▶ _ASSIGNMENT_
For this exercise, retype the lines from the one that holds "- Высокая мощность" through the one that holds "הלו 015 – שירות לקוחות – כתובת" in the records below, both included, exactly and without pictures.

[Collected data]
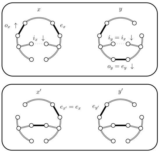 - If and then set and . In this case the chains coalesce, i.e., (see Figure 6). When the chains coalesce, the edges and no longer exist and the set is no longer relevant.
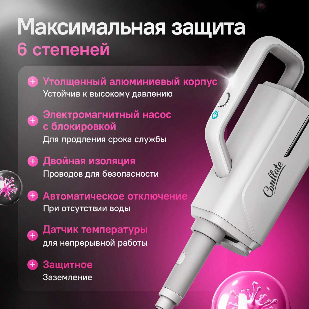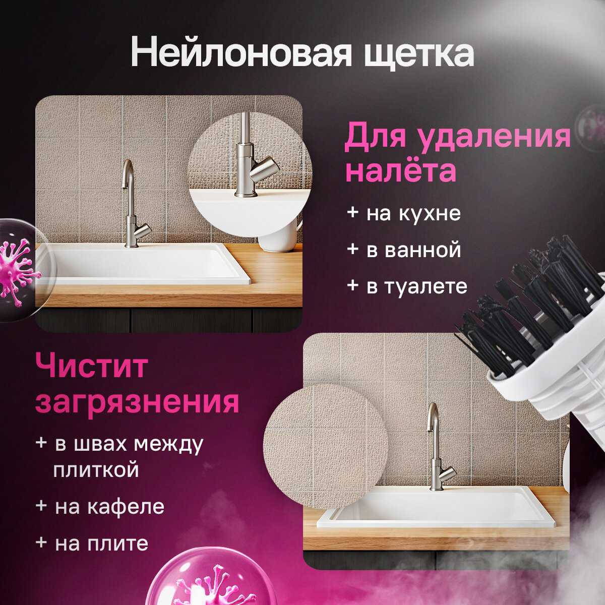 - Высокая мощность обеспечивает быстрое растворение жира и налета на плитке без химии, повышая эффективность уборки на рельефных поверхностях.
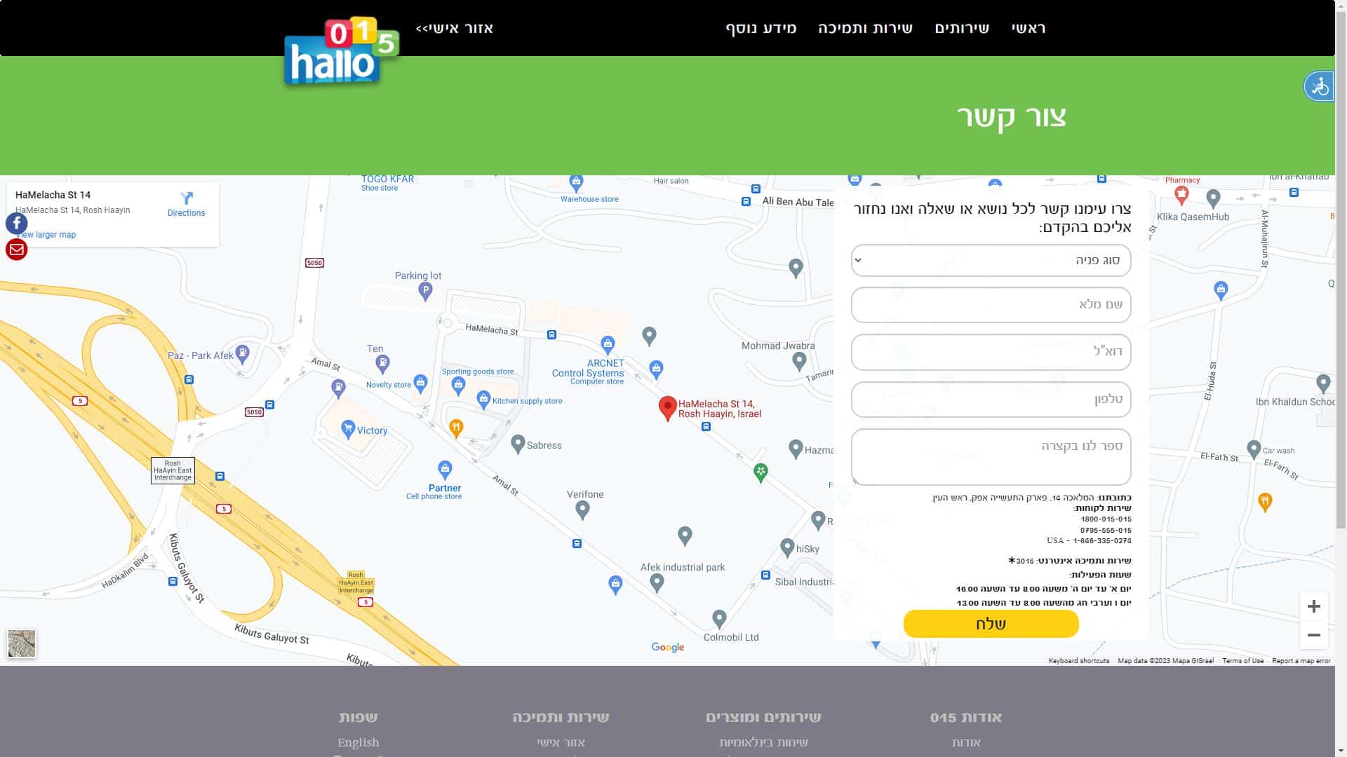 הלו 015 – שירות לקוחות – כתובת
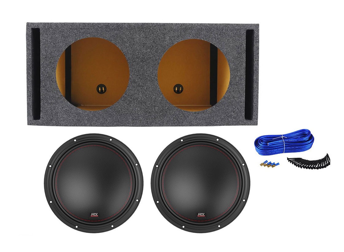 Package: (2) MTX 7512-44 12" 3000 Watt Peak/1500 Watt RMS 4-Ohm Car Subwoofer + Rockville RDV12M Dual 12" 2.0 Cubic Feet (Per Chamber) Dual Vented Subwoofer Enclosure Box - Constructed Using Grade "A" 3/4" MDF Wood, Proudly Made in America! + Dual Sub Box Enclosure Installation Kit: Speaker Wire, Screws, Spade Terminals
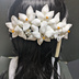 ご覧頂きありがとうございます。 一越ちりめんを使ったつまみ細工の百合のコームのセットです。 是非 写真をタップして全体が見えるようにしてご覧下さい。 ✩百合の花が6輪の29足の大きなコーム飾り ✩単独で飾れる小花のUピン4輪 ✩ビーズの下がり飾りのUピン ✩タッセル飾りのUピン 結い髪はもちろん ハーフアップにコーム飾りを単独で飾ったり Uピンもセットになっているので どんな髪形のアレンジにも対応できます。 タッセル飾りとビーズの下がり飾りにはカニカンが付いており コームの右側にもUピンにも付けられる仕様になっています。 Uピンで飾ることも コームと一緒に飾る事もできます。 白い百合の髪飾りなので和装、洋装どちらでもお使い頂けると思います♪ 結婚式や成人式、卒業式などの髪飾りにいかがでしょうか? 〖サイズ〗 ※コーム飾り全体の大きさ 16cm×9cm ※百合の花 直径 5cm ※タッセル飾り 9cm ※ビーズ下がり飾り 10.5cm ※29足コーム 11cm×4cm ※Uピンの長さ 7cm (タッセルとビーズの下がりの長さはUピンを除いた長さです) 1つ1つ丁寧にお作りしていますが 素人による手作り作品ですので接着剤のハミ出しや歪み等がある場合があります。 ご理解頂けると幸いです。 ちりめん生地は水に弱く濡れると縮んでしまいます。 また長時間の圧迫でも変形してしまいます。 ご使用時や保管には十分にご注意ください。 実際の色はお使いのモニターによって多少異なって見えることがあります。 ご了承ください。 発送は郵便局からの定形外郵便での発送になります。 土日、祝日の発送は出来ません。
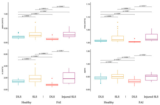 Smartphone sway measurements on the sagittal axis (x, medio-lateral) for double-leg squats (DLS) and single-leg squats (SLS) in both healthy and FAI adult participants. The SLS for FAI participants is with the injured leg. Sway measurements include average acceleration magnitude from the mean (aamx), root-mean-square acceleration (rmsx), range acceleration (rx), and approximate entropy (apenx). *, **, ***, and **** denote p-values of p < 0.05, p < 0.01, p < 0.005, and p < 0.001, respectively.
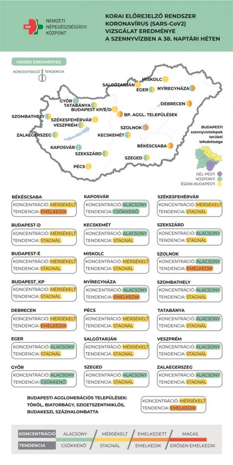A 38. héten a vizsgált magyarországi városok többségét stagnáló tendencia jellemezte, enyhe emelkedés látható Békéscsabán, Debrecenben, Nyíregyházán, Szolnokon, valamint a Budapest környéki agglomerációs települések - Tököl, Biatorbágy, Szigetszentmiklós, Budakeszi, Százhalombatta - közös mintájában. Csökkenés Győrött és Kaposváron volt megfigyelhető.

▶ _TASK ANSWER_
 - Высокая мощность обеспечивает быстрое растворение жира и налета на плитке без химии, повышая эффективность уборки на рельефных поверхностях.
 הלו 015 – שירות לקוחות – כתובת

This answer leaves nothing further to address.